14 de fev. de 2011

BRASILEIRO ESTÁ MAIS ENDIVIDADO QUE AMERICANO

jornal Brasil Econômico 14/02/2011 - Thais Folego

Renda estável, taxa de juros baixa, financiamento com prazos longos e confiança na economia. Esses foram fatores que suportaram o estilo de vida americano ao longo de muitos anos e a cultura do consumo antes da crise iniciada em 2008. A estabilidade da economia no Brasil e a oferta abundante de crédito têm feito o brasileiro experimentar um pouco desse estilo de vida, a ponto de ter uma parte maior de sua renda comprometida com dívidas na comparação com os americanos.

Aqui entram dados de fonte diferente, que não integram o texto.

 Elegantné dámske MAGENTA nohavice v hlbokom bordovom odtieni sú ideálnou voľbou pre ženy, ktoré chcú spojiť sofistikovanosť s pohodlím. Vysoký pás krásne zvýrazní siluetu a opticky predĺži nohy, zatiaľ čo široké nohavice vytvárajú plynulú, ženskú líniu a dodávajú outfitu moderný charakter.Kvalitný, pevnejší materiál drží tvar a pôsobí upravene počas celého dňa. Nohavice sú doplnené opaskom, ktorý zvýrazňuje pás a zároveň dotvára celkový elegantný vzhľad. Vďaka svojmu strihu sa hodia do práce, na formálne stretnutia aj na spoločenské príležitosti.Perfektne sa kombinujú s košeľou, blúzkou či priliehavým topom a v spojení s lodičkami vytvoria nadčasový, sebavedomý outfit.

O peso da dívida na renda das famílias brasileiras é de 22%, segundo o Relatório de Inflação do Banco Central de março de 2010, o último dado disponível. Em comparação, as famílias americanas comprometem 15% da sua renda com dívidas, segundo o Federal Reserve, o banco central dos EUA. Há de se considerar, porém, que a renda do americano, em média de US$ 4,4 mil por mês, é mais alta que a do brasileiro, cuja média mensal é de R$ 1,5 mil.

Apesar do endividamento maior, a relação entre crédito e Produto Interno Bruto (PIB) no Brasil é infinitamente menor que a dos Estados Unidos. Aqui, o crédito equivale a 47% do PIB, enquanto lá ele é de quase 200%. No entanto, essa relação tem avançado rapidamente no Brasil. No início da década passada, ela era de 23%, portanto dobrou, lembra Nicolas Tingas, economista da Associação Nacional das Instituições de Crédito, Financiamento e Investimento (Acrefi).

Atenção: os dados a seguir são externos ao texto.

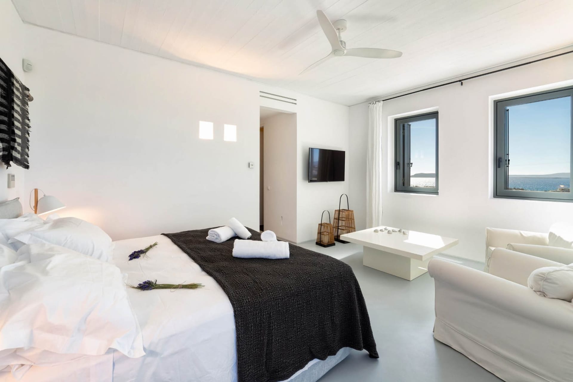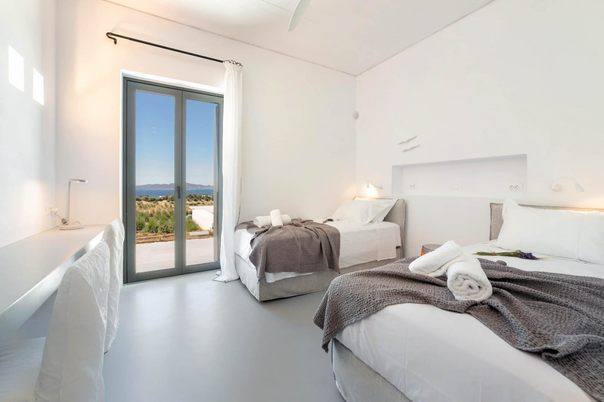 Surrounded by a Mediterranean garden and blessed with sweeping panoramic sea views, this exquisite property blends architectural finesse with serene natural beauty. Accommodating up to 12 guests in six modern and cozy bedrooms, it is an ideal choice for families or groups seeking privacy, luxury, and refined Cycladic charm.

Para Celso Grisi, diretor do Instituto de Pesquisas Fractal e professor da Universidade de São Paulo, não há espaço para essa relação crescer muito mais com o atual patamar de juros cobrado no país. "A nossa economia não suporta uma taxa dessas. Veja o próprio exemplo da crise dos Estados Unidos: quando as pessoas se endividaram e compraram seus imóveis o juros era de 1%, quando ele subiu para 5% as pessoas não conseguiram mais pagar", diz.

Na avaliação de Grisi, inclusive, o crédito cresceu acima do nosso potencial, o que começa criar bolhas, além da infraestrutura e da produção não suportarem a demanda. Tudo isso resulta em inflação. "Precisamos aumentar a poupança do país, hoje na casa dos 18% do PIB, para sustentar o crescimento. Se ele for sustentado por crédito, vamos endividar todo mundo", diz Grisi, para quem um avanço sustentável de 5% do PIB exigiria uma poupança equivalente a 25% do Produto Interno Bruto.

Pé no freio

O corte de R$ 50 bilhões do Orçamento do governo para este ano, o aumento do recolhimento compulsório dos bancos (que já tirou R$ 60 bilhões de liquidez do mercado) e o crescimento da inadimplência, que começou a dar as caras, prometem reduzir o ritmo do crescimento para este ano — e também o do crédito, que teve expansão média anual de 20% nos últimos seis anos. "O mercado estima um avanço na casa dos 15%", diz Tingas, da Acrefi. Ou seja, co meçamos a sentir o gosto da estabilidade que levou ao padrão de consumo americano. Mas, para sustentá-lo, será necessário mais investimentos e muito arroz e feijão.

DIFERENÇAS: Consumidor nacional não se financia no cartão de crédito

Do estoque do volume de crédito concedido por meio do cartão de crédito no Brasil, 70% se encontra na modalidade sem juros, que é composta pelas compras parceladas sem juros e pelo "grace period" - crédito entre o dia da compra e o vencimento da fatura em que o banco não cobra juros. Isso mostra que o brasileiro não financia efetivamente suas compras no cartão, como o americano. Isso ocorre, em grande parte, pela alta taxa de juros cobrada no rotativo aqui no Brasil, em média superior a 12% ao mês.

"O crédito no cartão é preocupante, principalmente nas classes de menor renda que estão começando a ter acesso ao cartão agora e ainda não sabem lidar com o giro no rotativo", diz Nicolas Tingas, economista da Acrefi. Ele lembra que, por conta disso, o governo começa a dirigir ações específicas para tratar do assunto. Do estoque total de crédito livre à pessoa física, 5% é tomado por meio do cartão de crédito. A iniciativa mais recente foi a padronização das taxas cobradas pelos bancos para cinco tipos de tarifas — até então, cada instituição nomeava sua cobrança como queria, o que impedia o cliente de comparar as taxas. Outra, foi a delimitação do pagamento mínimo da fatura de 15% a partir de junho e 20% a partir de dezembro deste ano. "Começamos a ver iniciativas de tentar educar financeiramente as pessoas para a tomada do crédito, o que não era tão necessário há alguns anos, quando não havia crescimento", afirma Tingas.